I have a large dataframe mostly hast unique values, still there are multiple same IDs with different values stored. I want to group the same IDs then apply a logic to those to select one among them then remove the others.
df = pd.DataFrame({'ID': [11, 11,11,11,22,22,33] ,
'Source': [2, 2,4,3,3,2,3],
'Price':[10, 20,30,40,50,60,70]})
the logic is :if in group there is a row with SOURCE==4 keep and remove the others else in group there is a row with SOURCE==2 keep and remove the others else in group there is a row with SOURCE==3 keep and remove the others so hierarchy is based on Source column and it is 4>2>3.
Expected output:
expected = pd.DataFrame({'ID': [11,22,33] ,
'Source': [4,2,3],
'Price':[30,60,70]})
A possible solution is creating a new column of hierarchy if source ==4 then hierarchy ==1... and then sort it and and select nth(1) . However I wonder most how can I do conditional select after groupby.
CodePudding user response:
I would do groupby
and apply
with map
and idxmax
:
>>> df.groupby('ID', as_index=False).apply(lambda x: x.loc[x['Source'].map({3: 1, 2: 2, 4: 3}).idxmax()])
ID Source Price
0 11 4 30
1 22 2 60
2 33 3 70
>>>
CodePudding user response:
I feel like you are hunting for even and odd numbers, hence the 4, 2, 3 order. The code below should suffice, and avoid the anonymous function, while offering some speed up (depending on the data size); it is quite verbose in my opinion though:
(df.assign(even_odd = np.where(df.Source % 2 == 0, 'even', 'odd'))

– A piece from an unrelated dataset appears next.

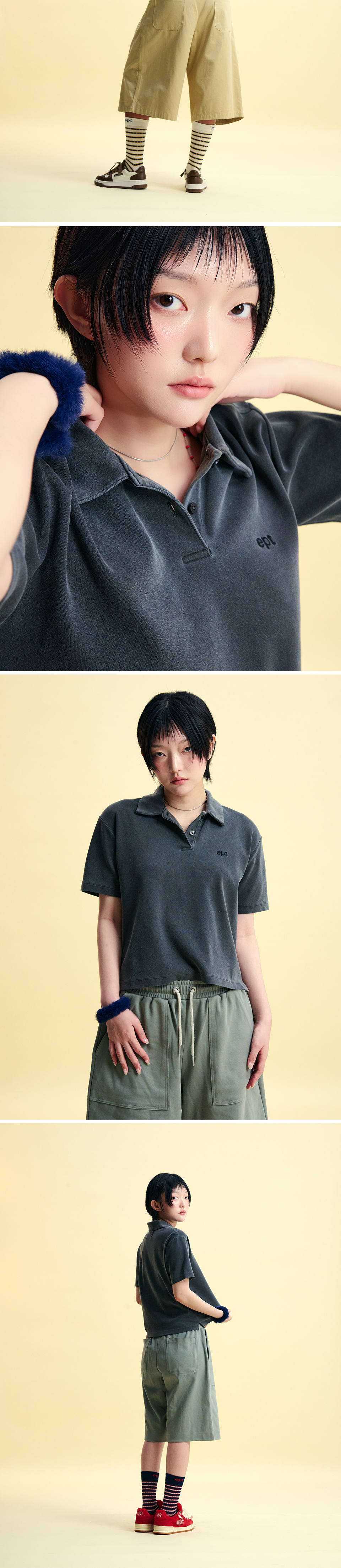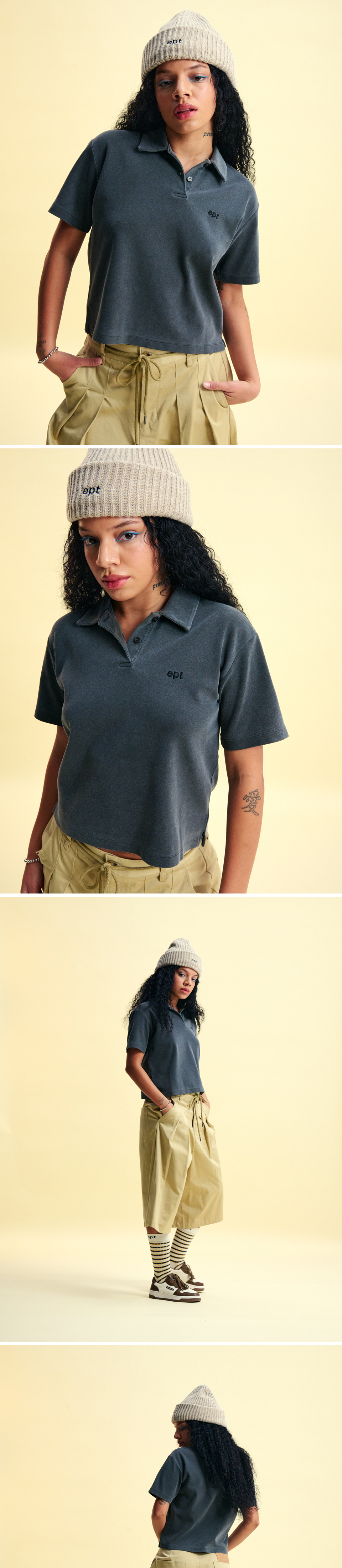 이피티 우먼 셀 피그먼트 폴로 티 차콜

.groupby(['ID', 'even_odd'], as_index = False)
.max()
.drop_duplicates('ID', keep='first')
.filter([*df.columns])
)
ID Source Price
0 11 4 30
2 22 2 60
4 33 3 70
Of course, this would fail if you had 5, 9, 6, 12, ..., in which case, another logic is required. This only works if the numbers are restricted to 4, 2, 3
CodePudding user response:
d= {4:1,2:2, 3:3} # dict of drop hierarchy
new=(df.assign(rank=df.Source.map(d))#Create a rank column that maps the hierachy of selection
.sort_values(by='rank')#Sort new dataframe by rank
.drop_duplicates(subset='ID',keep='first')#Drop all the duplicated Source values
.drop('rank',1)#Drop the temp sorting column
)
print(new)
ID Source Price
2 11 4 30
5 22 2 60
6 33 3 70